» What is being asked
Each line of the listing below must be retyped exactly, with images left out.

Start of Collected data

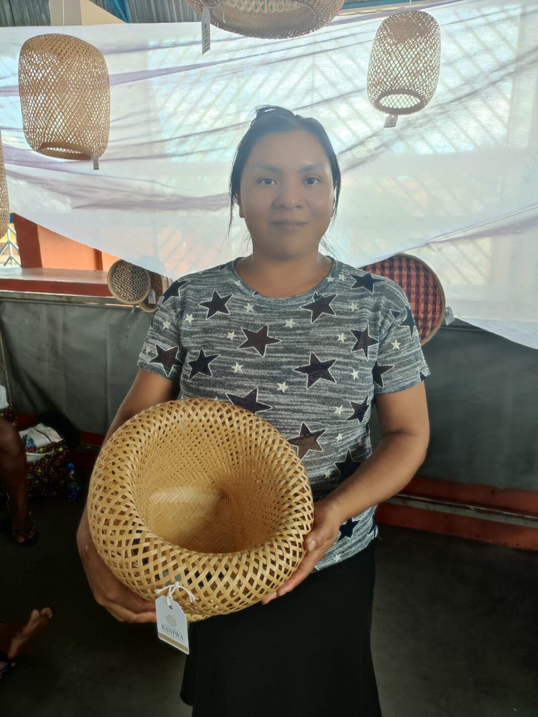 A artesã Claudiane Santos e Silva, 32, pertence à etnia Baniwa e integra o grupo de expositores da feira com luminárias, cestarias, balaios e urutu com a técnica de traçado de fibra de Arumã.
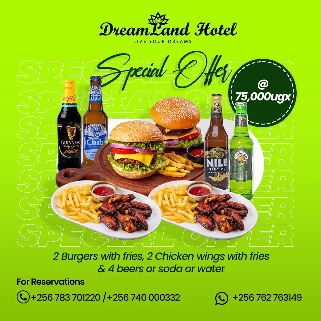 Ready to share good food and great vibes? Dreamland is serving up an irresistible deal that’s perfect for friends, couples, or anyone who loves a hearty feast! Dreamland Hotel Arua brings you a complete meal deal that’s perfect for sharing. For only 75,000 UGX, our...
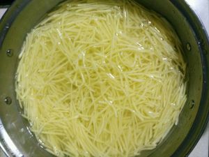土豆丝在凉水中静置5分钟,沉淀掉淀粉,在开水中焯一下。
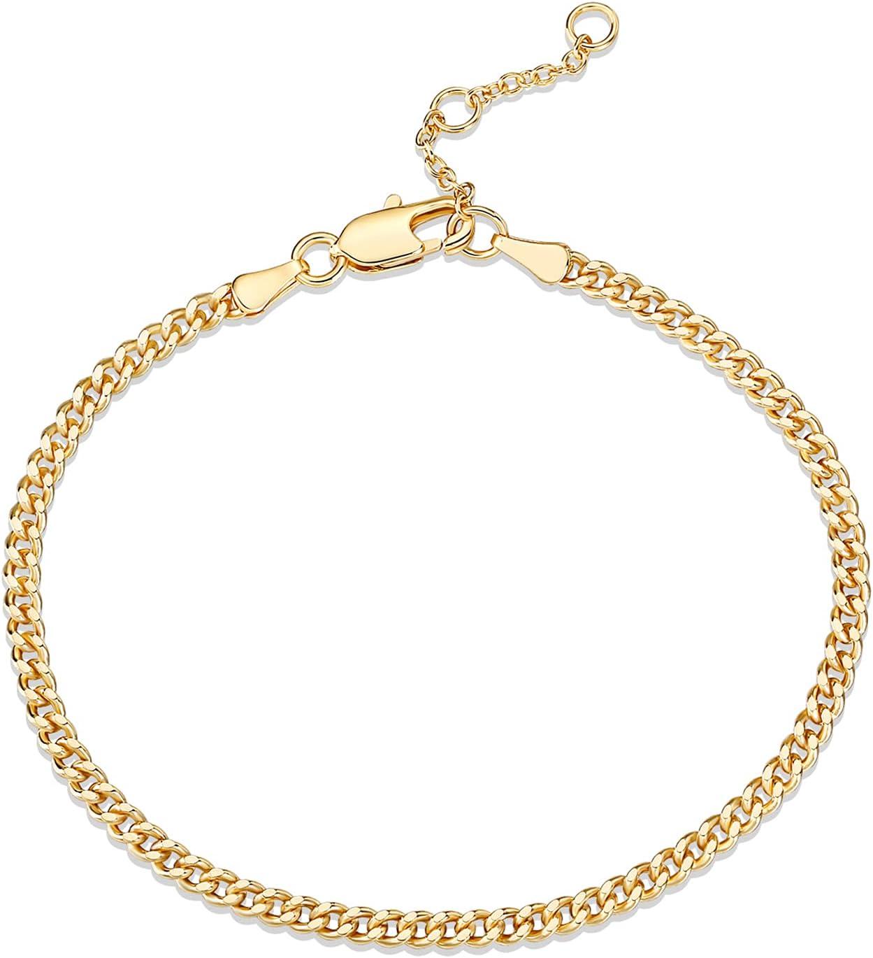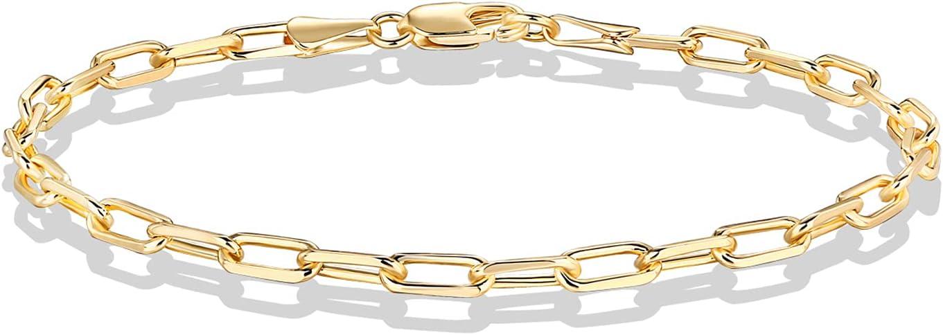 PAVOI 14K Gold Plated Paperclip/Curb/Figaro Chain Adjustable Bracelet for Women(Yellow Gold)

End of Collected data

» Exercise solution
 A artesã Claudiane Santos e Silva, 32, pertence à etnia Baniwa e integra o grupo de expositores da feira com luminárias, cestarias, balaios e urutu com a técnica de traçado de fibra de Arumã.
 Ready to share good food and great vibes? Dreamland is serving up an irresistible deal that’s perfect for friends, couples, or anyone who loves a hearty feast! Dreamland Hotel Arua brings you a complete meal deal that’s perfect for sharing. For only 75,000 UGX, our...
土豆丝在凉水中静置5分钟,沉淀掉淀粉,在开水中焯一下。
 PAVOI 14K Gold Plated Paperclip/Curb/Figaro Chain Adjustable Bracelet for Women(Yellow Gold)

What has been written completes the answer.